Airborne Combat Engineer Troop Leader (1966-1968)

[This message has been edited by MOS was 71331 (edited 12-23-99).]

Link to comment
Share on other sites

can't help much with the actual words, but IIRC, when the US and the UK started working together on a regular basis they decided that it made sense that they both use the saem phonetic alphabet. I think the USs' was adopted (?)

A quick glance at each of the sector names on the 5 beaches in Normandy should be able confirm this (I hope! Don't have any references at work ... frown.gif )

Regards

Jon

------------------

Ubique

Link to comment
Share on other sites

Thanks "not here." By the way, that's some link you supplied! It told me a lot more than I wanted to know about the topic.

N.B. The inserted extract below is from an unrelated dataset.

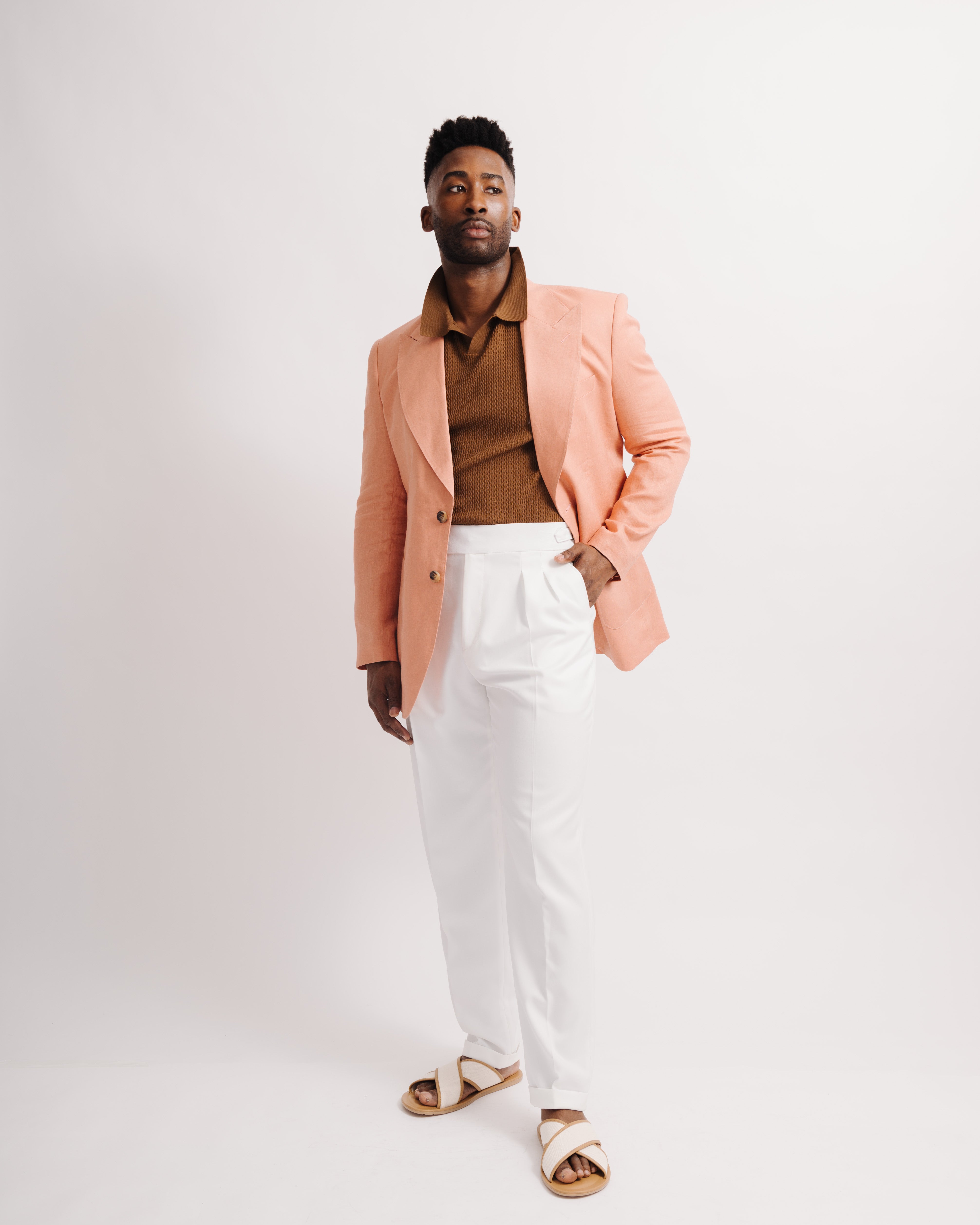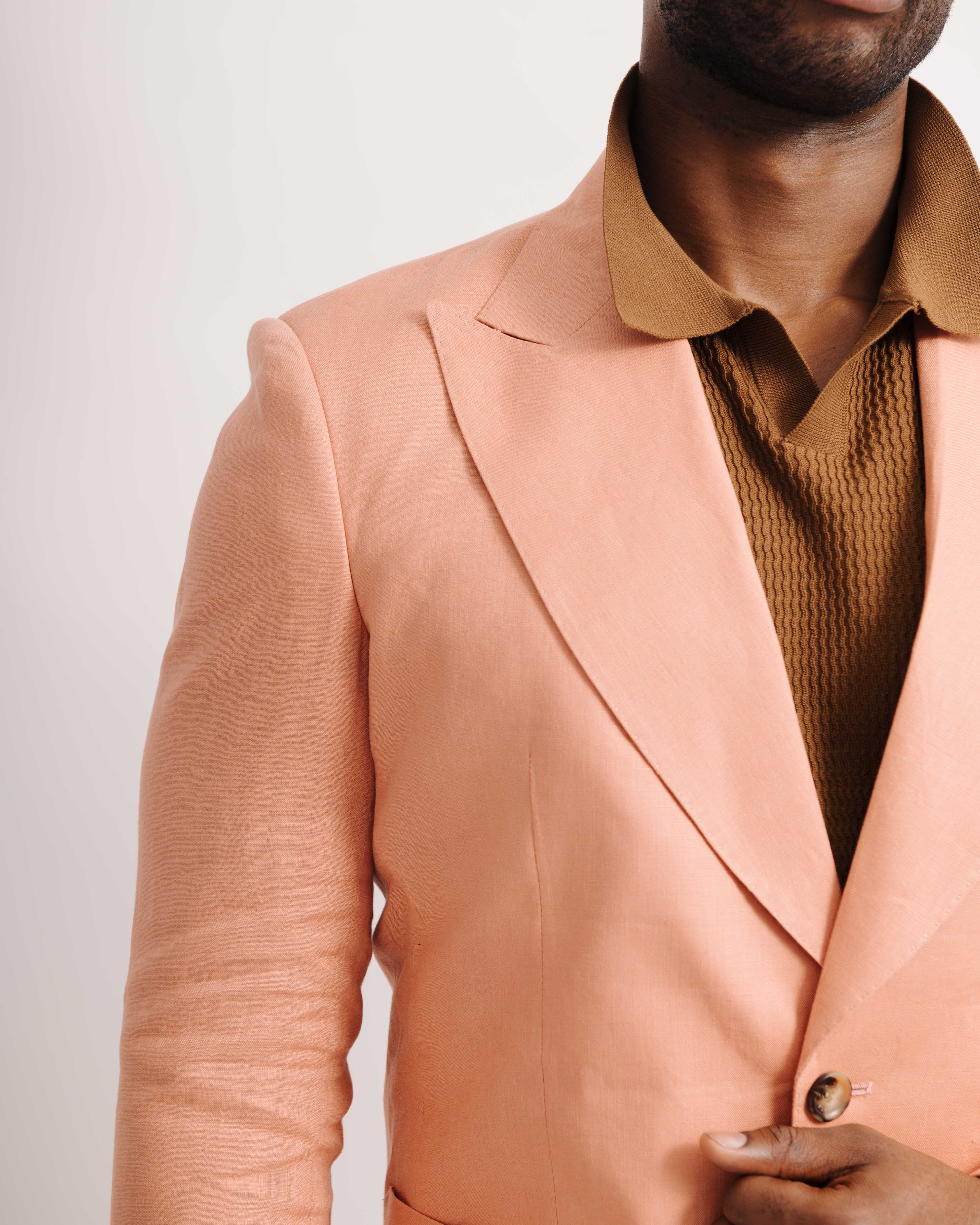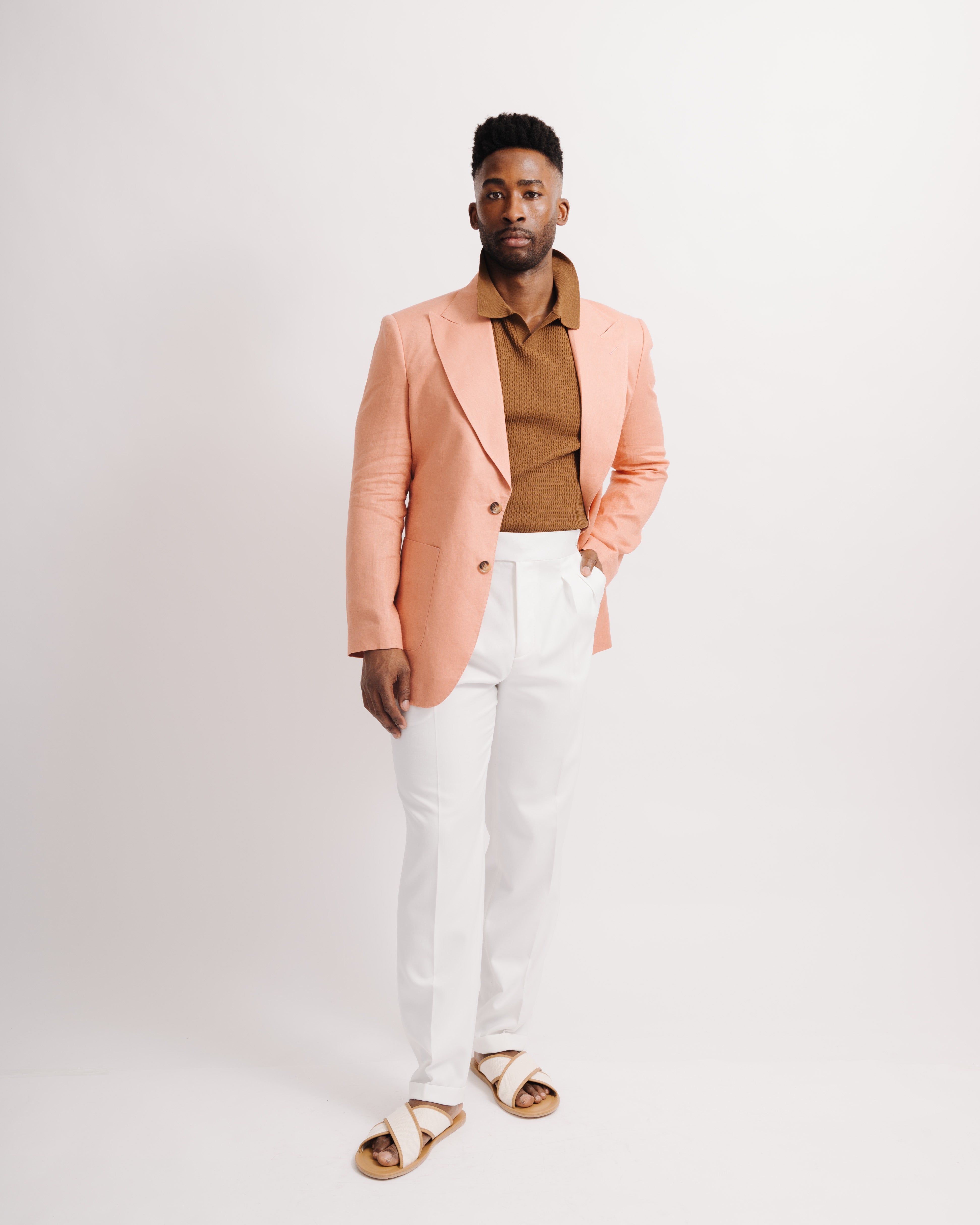 The Portobello Blazer is a standout item made for the fashion forward man. This tailored blazer is highly inspired by 1970's tailoring with its wide lapels and structured silhouette. The Portobello Blazer is made from a splendid Ivory Irish linen cloth to execute a chic summer attire. Whether this blazer is worn for a formal or casual occasion it will certainly turn heads.

I vaguely recall German soldiers or pilots in some WWII movies I've seen using what passed for German phonetic letters in dialog spoken in English. Something like "Anton" or "Adolf" for 'A', for example. It would have sounded phoney for them to say "Able," but the screen writer probably used something he thought sounded German rather than the official Wehrmacht phonetic -- if there was one.

Link to comment
Share on other sites

×
×
  • Create New...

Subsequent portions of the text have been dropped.